Monday, February 6, 2017

History of Furniture: Ancient Greece

We practically need a time machine for this installment of the History of Furniture since we are heading back, far back in time, to ancient Greece.

We have the Greeks to thank for so many things: the concept of democracy, science, philosophy, advances in architecture...and some lovely furniture!

They invented the kline which is a type of sofa or day bed. Klinai (the plural) were made with a woven bottom (probably of leather strapping) and four legs, then covered with woven throws and pillows stuffed with hay, leaves, or feathers. Like the Egyptians, the Greeks often made legs of chairs or klinai into the shapes of animal legs or feet. But klinai could also have simple turned legs.

Thankfully, we know a lot about Greek furniture from extant images from frescoed walls and vases.

While the kline as the ancient Greeks knew it might not be in service today, we do have a lovely piece of Greek furniture still in use in the form of the Klismos chair.

Klismos chairs were originally made of wood with seats of cane or of woven leather. The swooping delicate line of the chair comes from its saber legs which curve out. The back rest continues the curve upward but in the opposite direction, giving the silhouette of the chair a beautiful "S" curve. A low, concave panel supported the sitter's back. While there are really no extant klismos chairs to speak of, we can find plenty of imagery showing its shape and construction not only from the Greeks but also from the Romans who emulated nearly every aspect of Greek culture.

The chair was quite popular during the classical Greek period but fell out of usage by the Hellenistic period. Some theorize this is because the chair's delicate saber legs contributed to instability, causing the piece to splay out and break. One would think that with a design flaw that serious, the chair would never have been widely used to begin with. I feel the decline of the chair simply has to do with changing tastes of style and fashion. Whatever the reason, it seems that the shape is too exotic and alluring to resist and the chair saw a huge rise in popularity in the late 1700s when all of Europe was interested in Neo-Classicism. Greek and Roman sites were being excavated, pottery was being unearthed and images of the klismos chair were discovered!

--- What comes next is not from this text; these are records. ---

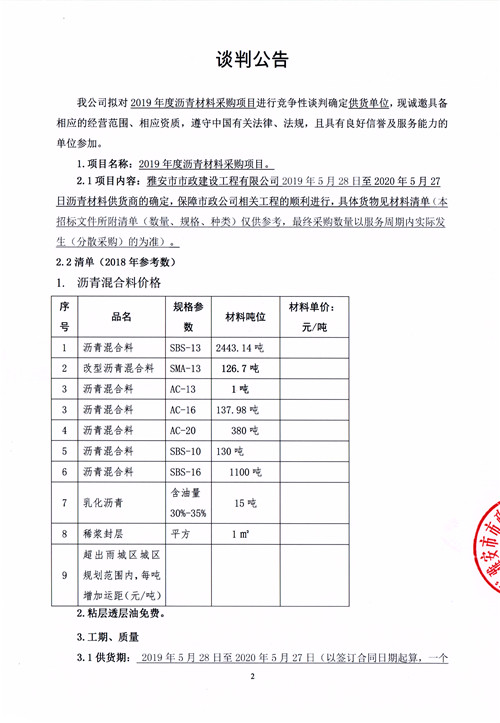 市政公司2019年度瀝青材料采購項(xiàng)目競(jìng)爭(zhēng)性談判公告
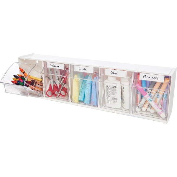 System, Modular, 5-Bin, 23-5/8x5-1/4x6-1/2, White/CL
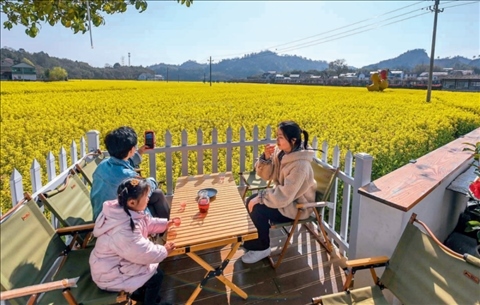 杭州市臨安區(qū)太陽(yáng)鎮(zhèn)太陽(yáng)米基地旁的一家民宿餐廳,客人在院子里喝茶賞景(2023年3月28日攝)徐昱攝/本刊

Klismos chairs are now a very chic and interesting alternative to a traditional chair.

At the start of this post, I mentioned that the Greeks contributed toward advances in architecture and they are perhaps best known for the Greek Column. There are actually three different orders--or types--of columns. It's useful to know these orders not only for architectural purposes, but because these columns can be incorporated into interiors or into furniture designs!

While it is commonly believed that the Doric column preceded the Ionic column in time, there is no real evidence to support this. Archaeologists have found Doric and Ionic columns from roughly the same era. But for ease, let's start with the Doric column first.

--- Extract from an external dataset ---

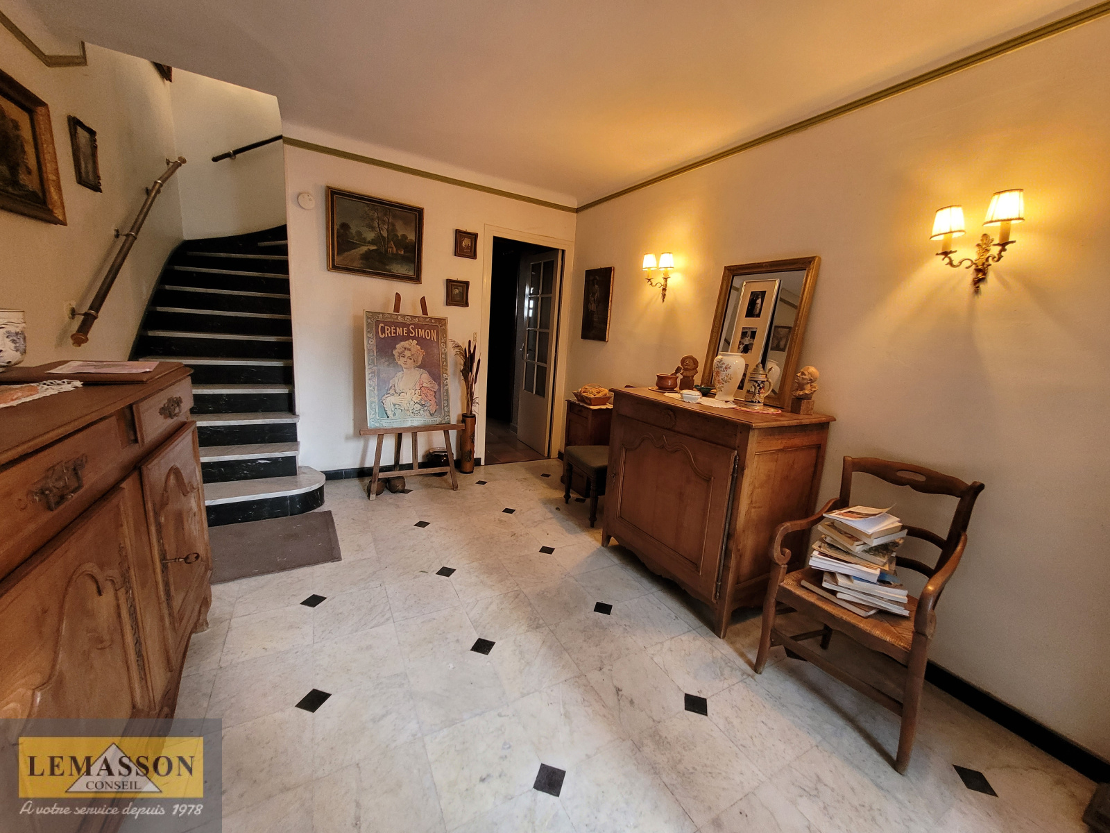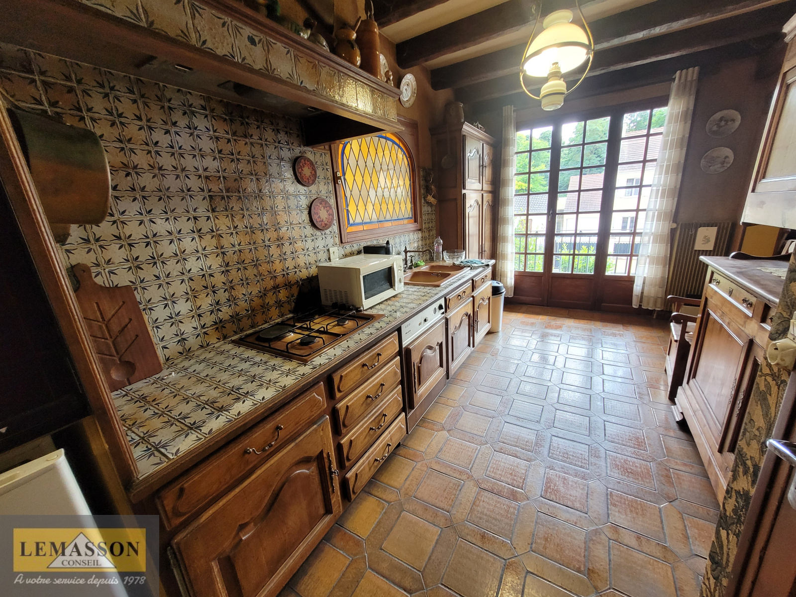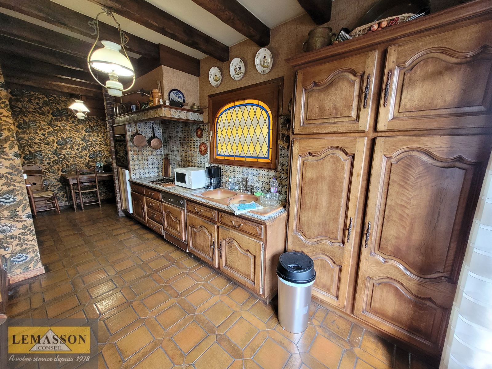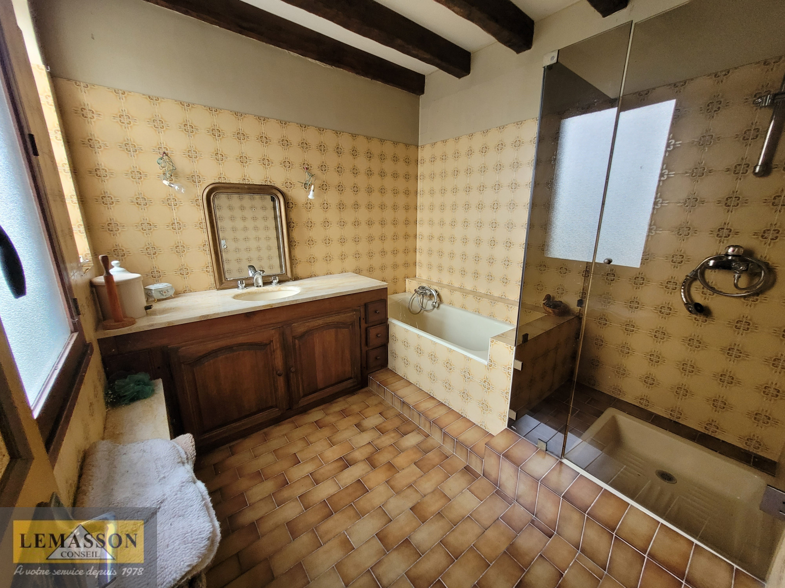 Au premier étage, salon, salle à manger, cuisine indépendante, salle de bains, deux chambres, salle de bains avec douche, un WC.

A Doric column is the plainest of the Greek columns. Although the shaft itself has some detail in the form of fluting (always twenty channels), the top is simply rounded, topped with a square abacus. Often Doric columns have no base, but some have a plinth for the fluted column to stand upon. It is the shortest of Greek columns, sometimes looking a little squat since it is thicker at the bottom than the top which allows the distribution of the weight from above.

Next is the Ionic column. I remember the name of this column because it starts with "I" and in a funny way, the top of the column appears to have two "eyes." These are decorative scrolls or volutes. This column, like the Doric, is also fluted but it is fitted with four more than the Doric, bringing the total channels of the Ionic column to twenty-four.

Finally, we have the most elaborate--and slimmest!--of all the columns, the Corinthian. Marked by a capital with two extravagant rows of acanthus leaves and scrolls, the Corinthian gets its name from the ancient Greek city of Corinth.

Of course many eras since have copied these ancient Greek styles in what has become known as a Neo-Classical style or Neo-Classical Revival. We will examine some of these in future posts. But in the meantime, happy designing!